The shop in Shanghai broke a lot of visual barriers by implementing AR technology. Besides the impressive design, with beautiful copper vessel with Chinese stamps, the store allows user to enter news worlds. The glass of the smartphone reveals a whole other dimension.
To create interaction through Augmented Reality technology and make the store in Shanghai probably the most appealing from Starbucks chain all around the world. Also, they wanted to create a totally new brand experience and dramatically increase the level of interaction between users and brand.
You can virtually explore the fantasy world that opens via the AR app. You can watch the roasted coffee beans inside the storage cans and see them being distributed to the pipes of the coffee bars. Also, if really want to dig deeper inside the roastery process, you can read via the app about the road of coffee from the newly roasted bean to you cup of coffee freshly served. So, the amazing world of a Roastery process is bravely revealed to you through the app.
“It’s like Alice in Wonderland meets Willy Wonka,” said Emily Chang, senior vice president and chief marketing officer for Starbucks, China. “It’s one thing to imagine a fully integrated in-store and digital experience, which brings together the impressive scale of the Shanghai Roastery with the highest quality small-lot coffee beans. It’s quite another to watch the AR experience get built, and come to life.”
The moment you enter the coffee shop you are invited to download the Roastery’s app and to explore the drinking coffee experience at a whole another level.
The users learned that from the moment they point their mobile phones to the roastery installation, they start their digital tour. There’s also a reward mechanism for those ones that persevere in exploring the secrets of a coffee roastery. Along the adventurous way of coffee discovery, they can win badges and at the end of the journey a special social media filter – a custom Roastery layout.
Users can scan different part of the store as a way to engage with the AR features. Then the app delivers fun visuals, information about products, even details about the roasting process.
“We wanted to create a completely new brand experience for our customers,” said Chang. “Because you know, coffee is already such a deeply sensorial experience, even before the first sip: from hearing the unmistakable sound of beans being freshly ground, to inhaling that rich aroma and sipping your perfect blend, brewed just right. We wanted to take that customer experience even further.”
There is also the option of scanning the QR code inserted around the roasting installation that reveal encrypted information, invisible for the human eye. The users can also put the order from any corner of the location via their smartphones.
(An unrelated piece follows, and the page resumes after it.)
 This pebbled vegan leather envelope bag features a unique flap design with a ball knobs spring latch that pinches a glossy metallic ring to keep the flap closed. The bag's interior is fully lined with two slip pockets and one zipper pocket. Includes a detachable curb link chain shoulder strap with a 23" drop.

Just to let the smell of good coffee keep alive the spell, the designers thought about how to make it easier for everyone and avoid staying in line to order.
So, the customers can pay on the spot to the baristas that roam on the floor and pay when their order is ready.
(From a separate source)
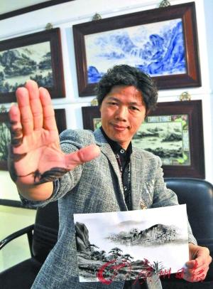 當年18歲的歐文是小彩瓷廠小學徒,開過店,擺過地攤。不過20多年來,他一直沒有放棄常人眼中的“旁門左道”——手掌作畫。現在,他終于有所成就。昨日上午,他被廣州輕工技師學院國家級技能工作室吸納為“大師級”成員,並有了自己的工作室,不必再以擺攤謀生了。

Same here – if the visitors are curious about how the coffee is prepared by a barista, they should hold their phone up to one of the icons on the ceiling to access the virtual world.
“With AR, we are able to go beyond educating, enabling and engaging, to empowering our customers to experience the space on their own terms,” said Chang.
The Starbucks Roastery has been enabled with an online store powered by Alibaba where the users can order a coffee tour or special branded Starbucks products and coffee varieties.